CIPS offers archeological field trips to the Peruvian sites annually. More information is available on the Institute's Web site at: www.cipsstudies.org.

A January 2002 meeting with CIPS founder Francis Riddell at his Sacramento home set the stage for Taniguchi to bring the Institute's archives to CSU Stanislaus. Riddell, Senior Archeologist for the State of California who conducted extensive field work in Peru after his retirement, was in failing health at the time and concerned about where the CIPS records could be housed.

Once an aspiring archeologist before becoming a history professor, Taniguchi had already planned to participate in an archeological field trip to CIPS-supervised digs on the southern coast of Peru.
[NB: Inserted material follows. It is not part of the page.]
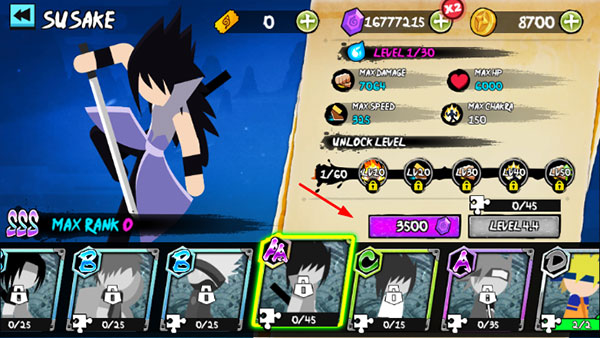 1、用适合的武器击败挡在你面前的所有对手,升级自己的忍者从而获得更强大的力量。
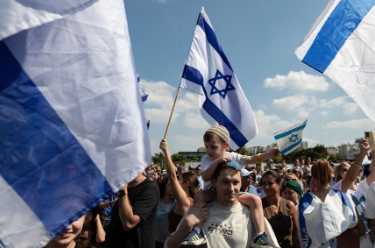 10月13日,人们庆祝搭载获释以方被扣押人员的直升机抵达以色列佩塔提克瓦的一所医院。

Riddell had started his work at the site in 1954 before making it the focus of his life's work for some 20 years.

Just before Riddell's death two months after the meeting in Sacramento, Taniguchi, with the help of now retired University Archivist Bob Santos, brought the Institute's treasure of field notes, journals, records, maps, slides, and photographs to a designated room in the University library. She serves in a private capacity as the archivist and vice president on the CIPS board of directors that includes archeologists from all over the world.

Artifacts recorded by CIPS archeological teams at several sites south of Nazca in southern Peru that include textiles, rock art, bones, and a variety of pottery, are housed in museums there.